States Restrict Welfare Buying
July 11, 2012
Under a new federal law, all states must prevent the use of cash benefits in liquor stores, gambling establishments and adult entertainment businesses by 2014. States that fail to establish policies face cuts in federal support, yet many states are finding the laws difficult to implement and enforce, says USA Today.
- Currently, 10 states have passed such laws that prohibit the use of assistance cash for spending on liquor, cigarettes, strip clubs, gambling and guns.
- Additionally, according to the National Conference of State Legislatures, at least 14 more states are considering such laws.
- Such laws are spurred by anecdotal and empirical evidence of welfare recipients withdrawing thousands of dollars from ATMs in casinos, liquor stores and strip clubs.
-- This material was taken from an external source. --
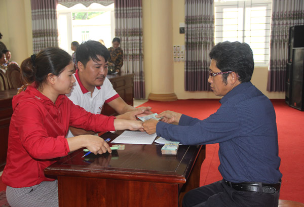 Chi trả hỗ trợ người lao động không có giao kết hợp đồng lao động bị mất việc làm do dịch bệnh Covid-19 trên địa bàn xã Tử Du, huyện Lập Thạch. |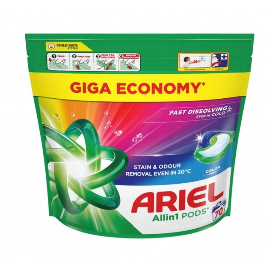 Ariel All-in-1 PODS Color to produkt zaprojektowany tak, aby sprostać wymaganiom nowoczesnych użytkowników pralek, którzy oczekują idealnego czyszczenia oraz oszczędności czasu i energii. Formuła kapsułek działa kompleksowo: penetruje włókna tkanin, usuwa zabrudzenia, neutralizuje przykre zapachy i jednocześnie chroni intensywność kolorów. Kapsułki są dostosowane do chłodniejszych cykli, co oznacza, że już w temperaturze 30°C ubrania pozostają czyste i odświeżone bez konieczności stosowania wysokich temperatur.

These laws seek to force assistance recipients to use dollars on goods for which they are intended. While food stamps are provided for the purchase of food, welfare cash is supposed to be for non-food necessities. To support this need, ample federal and state funding is provided.
- Last year, 4.4 million people received cash benefits ranging from $200 to $1,000 a month, paid by federal and state governments.
- The federal government share was more than $16.5 billion.
In response to the federal mandate and subsequent legislative action on the state level, enforcement programs are responding that the law is difficult to police.
- There is little that enforcement measures can do to prevent welfare recipients from withdrawing cash in an innocuous location and spending that cash elsewhere.
- Additionally, those goods prohibited from purchase can be purchased in tandem with necessities, making the purchase as a whole appear legitimate.
In Massachusetts, clients must pay back misused money, and store owners who knowingly let welfare recipients spend the money on prohibited items can be fined up to $1,000. However, even this unique measure hasn't resulted in any progress toward a solution.